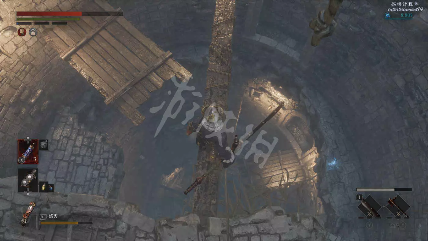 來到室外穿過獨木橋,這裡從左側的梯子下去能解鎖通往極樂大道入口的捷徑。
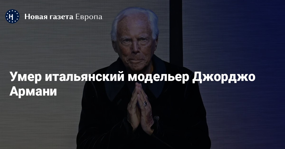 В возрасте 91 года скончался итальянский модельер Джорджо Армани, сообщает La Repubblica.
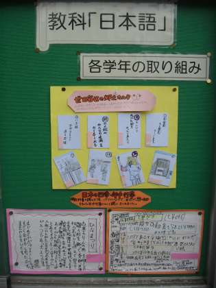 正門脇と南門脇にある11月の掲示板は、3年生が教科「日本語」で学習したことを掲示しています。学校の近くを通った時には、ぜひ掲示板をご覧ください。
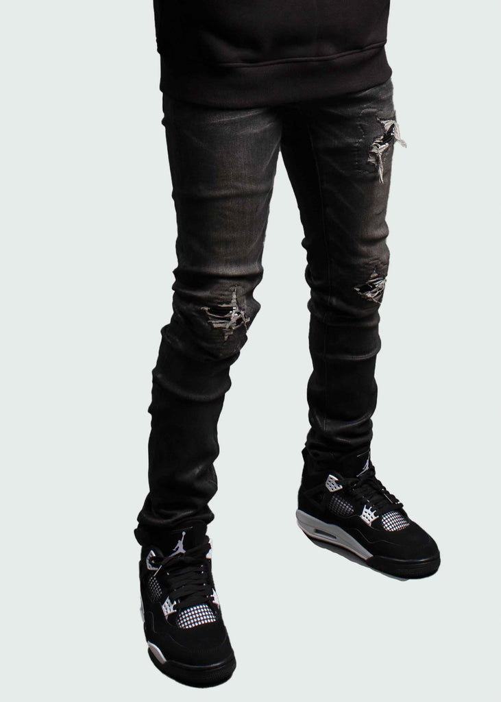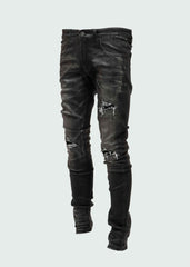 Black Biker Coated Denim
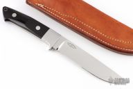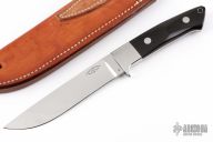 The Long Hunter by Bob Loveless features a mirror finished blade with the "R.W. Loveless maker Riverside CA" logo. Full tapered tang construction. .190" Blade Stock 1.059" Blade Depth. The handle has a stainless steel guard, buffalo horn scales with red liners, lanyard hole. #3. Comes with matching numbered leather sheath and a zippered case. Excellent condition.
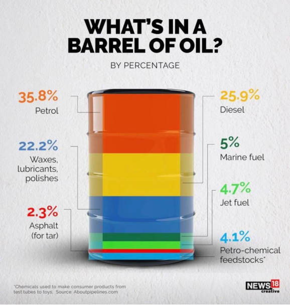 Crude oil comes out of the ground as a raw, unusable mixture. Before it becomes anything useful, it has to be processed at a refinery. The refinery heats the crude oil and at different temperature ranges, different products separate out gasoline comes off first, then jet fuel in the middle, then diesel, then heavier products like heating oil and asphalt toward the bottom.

########################################

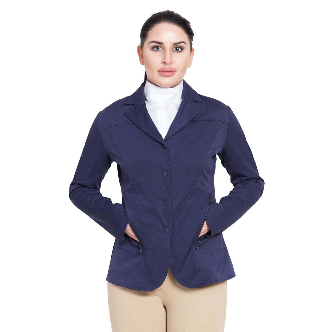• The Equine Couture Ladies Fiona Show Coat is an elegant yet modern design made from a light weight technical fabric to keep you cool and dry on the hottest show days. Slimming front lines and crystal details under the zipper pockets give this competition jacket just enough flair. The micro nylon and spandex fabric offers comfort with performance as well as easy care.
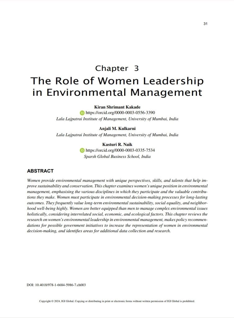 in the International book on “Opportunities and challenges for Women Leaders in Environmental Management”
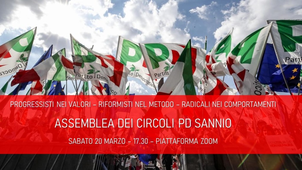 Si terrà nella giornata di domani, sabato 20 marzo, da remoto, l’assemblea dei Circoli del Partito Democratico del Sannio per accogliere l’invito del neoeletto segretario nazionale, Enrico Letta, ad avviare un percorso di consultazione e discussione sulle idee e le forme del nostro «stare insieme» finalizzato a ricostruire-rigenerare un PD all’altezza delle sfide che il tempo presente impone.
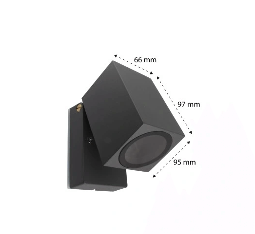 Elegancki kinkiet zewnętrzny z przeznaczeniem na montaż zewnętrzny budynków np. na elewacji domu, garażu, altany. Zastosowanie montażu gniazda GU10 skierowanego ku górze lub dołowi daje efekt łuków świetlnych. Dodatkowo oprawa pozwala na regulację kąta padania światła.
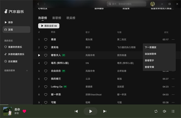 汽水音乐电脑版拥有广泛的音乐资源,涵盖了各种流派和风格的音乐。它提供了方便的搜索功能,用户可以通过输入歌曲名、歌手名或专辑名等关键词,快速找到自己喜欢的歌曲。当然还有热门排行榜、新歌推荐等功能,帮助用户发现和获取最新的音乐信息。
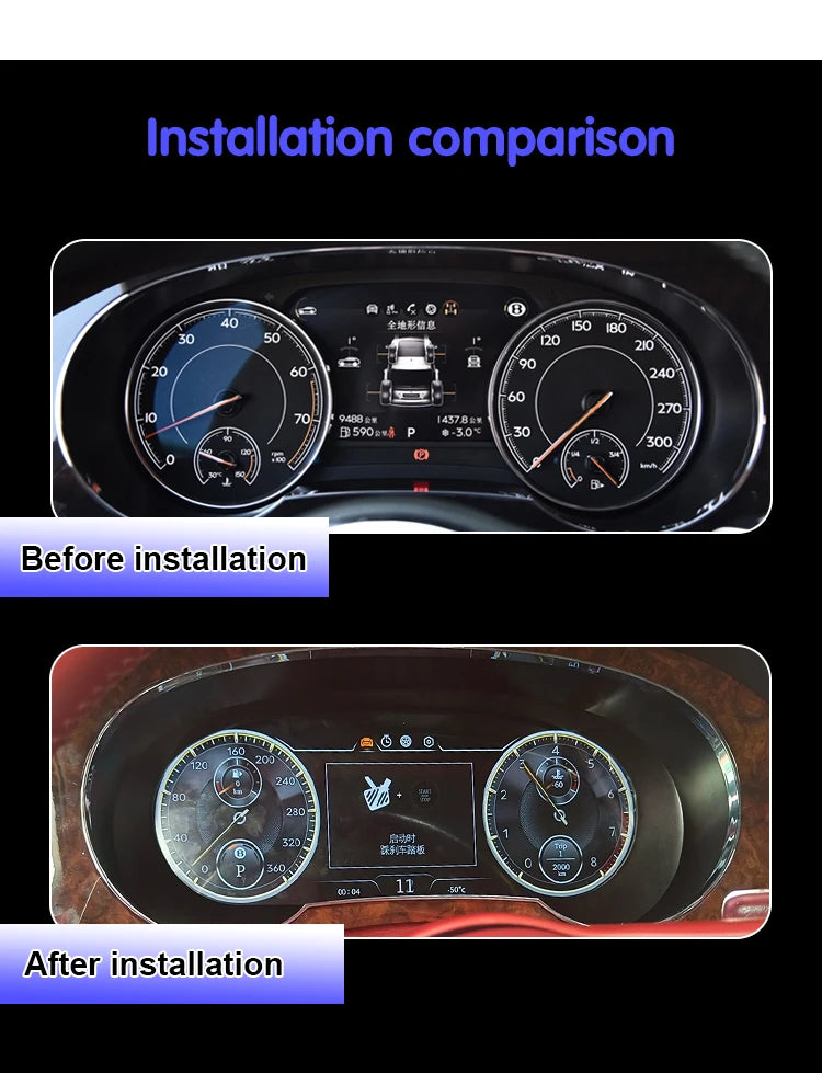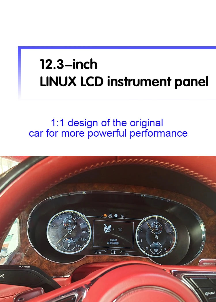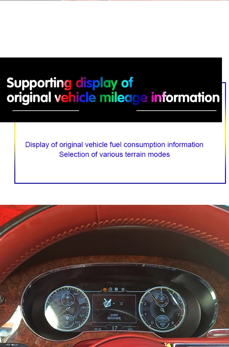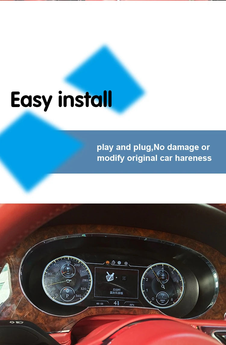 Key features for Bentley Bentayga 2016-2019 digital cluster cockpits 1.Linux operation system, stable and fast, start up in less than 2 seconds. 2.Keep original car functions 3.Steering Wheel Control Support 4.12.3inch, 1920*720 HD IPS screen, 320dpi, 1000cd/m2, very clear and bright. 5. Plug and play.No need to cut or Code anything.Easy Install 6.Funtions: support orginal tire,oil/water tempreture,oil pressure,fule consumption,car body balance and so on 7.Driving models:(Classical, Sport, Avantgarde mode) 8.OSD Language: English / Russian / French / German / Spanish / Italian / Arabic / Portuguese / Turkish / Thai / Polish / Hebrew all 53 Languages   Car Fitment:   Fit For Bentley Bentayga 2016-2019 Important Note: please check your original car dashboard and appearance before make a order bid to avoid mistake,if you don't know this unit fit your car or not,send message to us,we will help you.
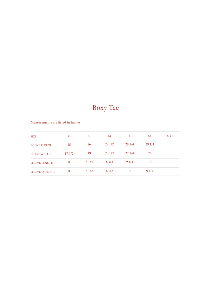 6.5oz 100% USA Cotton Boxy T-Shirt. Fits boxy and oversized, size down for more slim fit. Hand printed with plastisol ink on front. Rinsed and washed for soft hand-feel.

########################################

Your answer should be the exact lines above from the one containing "Elegancki kinkiet zewnętrzny" through the one containing "6.5oz 100% USA", with both end lines kept and the pictures removed, please.

Finished exercise:
 Elegancki kinkiet zewnętrzny z przeznaczeniem na montaż zewnętrzny budynków np. na elewacji domu, garażu, altany. Zastosowanie montażu gniazda GU10 skierowanego ku górze lub dołowi daje efekt łuków świetlnych. Dodatkowo oprawa pozwala na regulację kąta padania światła.
 汽水音乐电脑版拥有广泛的音乐资源,涵盖了各种流派和风格的音乐。它提供了方便的搜索功能,用户可以通过输入歌曲名、歌手名或专辑名等关键词,快速找到自己喜欢的歌曲。当然还有热门排行榜、新歌推荐等功能,帮助用户发现和获取最新的音乐信息。
 Key features for Bentley Bentayga 2016-2019 digital cluster cockpits 1.Linux operation system, stable and fast, start up in less than 2 seconds. 2.Keep original car functions 3.Steering Wheel Control Support 4.12.3inch, 1920*720 HD IPS screen, 320dpi, 1000cd/m2, very clear and bright. 5. Plug and play.No need to cut or Code anything.Easy Install 6.Funtions: support orginal tire,oil/water tempreture,oil pressure,fule consumption,car body balance and so on 7.Driving models:(Classical, Sport, Avantgarde mode) 8.OSD Language: English / Russian / French / German / Spanish / Italian / Arabic / Portuguese / Turkish / Thai / Polish / Hebrew all 53 Languages   Car Fitment:   Fit For Bentley Bentayga 2016-2019 Important Note: please check your original car dashboard and appearance before make a order bid to avoid mistake,if you don't know this unit fit your car or not,send message to us,we will help you.
 6.5oz 100% USA Cotton Boxy T-Shirt. Fits boxy and oversized, size down for more slim fit. Hand printed with plastisol ink on front. Rinsed and washed for soft hand-feel.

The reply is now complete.